● Problem to solve: No picture belongs in the copy. Repeat each line below exactly.

● Supplied data:
>>>>>
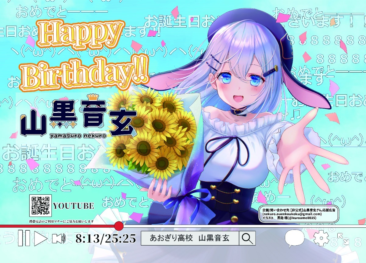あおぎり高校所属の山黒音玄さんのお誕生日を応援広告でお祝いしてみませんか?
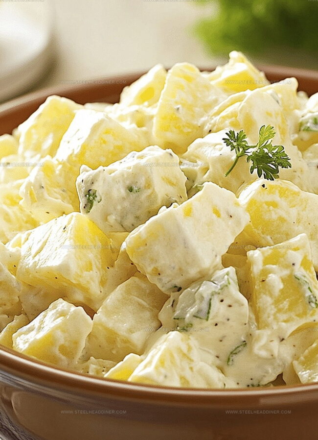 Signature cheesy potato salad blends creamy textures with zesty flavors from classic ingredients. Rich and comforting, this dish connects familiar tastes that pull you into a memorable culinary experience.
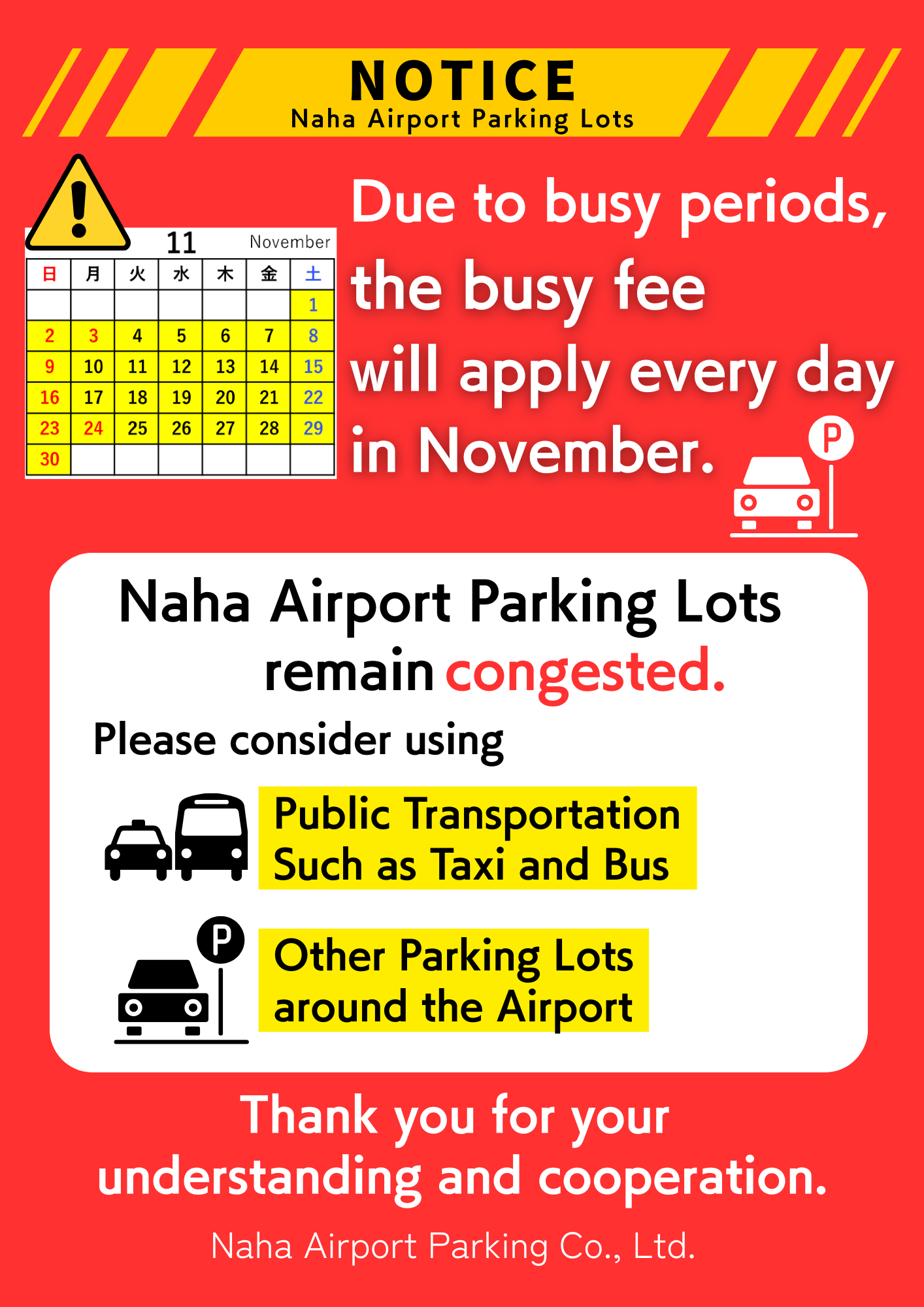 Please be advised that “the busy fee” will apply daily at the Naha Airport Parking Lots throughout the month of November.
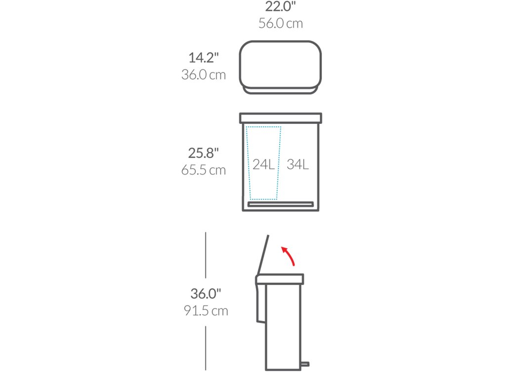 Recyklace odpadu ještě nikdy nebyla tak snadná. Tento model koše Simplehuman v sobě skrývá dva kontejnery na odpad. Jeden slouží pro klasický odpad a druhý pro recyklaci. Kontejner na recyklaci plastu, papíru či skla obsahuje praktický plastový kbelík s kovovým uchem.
<<<<<
● Result of this exercise:
あおぎり高校所属の山黒音玄さんのお誕生日を応援広告でお祝いしてみませんか?
 Signature cheesy potato salad blends creamy textures with zesty flavors from classic ingredients. Rich and comforting, this dish connects familiar tastes that pull you into a memorable culinary experience.
 Please be advised that “the busy fee” will apply daily at the Naha Airport Parking Lots throughout the month of November.
 Recyklace odpadu ještě nikdy nebyla tak snadná. Tento model koše Simplehuman v sobě skrývá dva kontejnery na odpad. Jeden slouží pro klasický odpad a druhý pro recyklaci. Kontejner na recyklaci plastu, papíru či skla obsahuje praktický plastový kbelík s kovovým uchem.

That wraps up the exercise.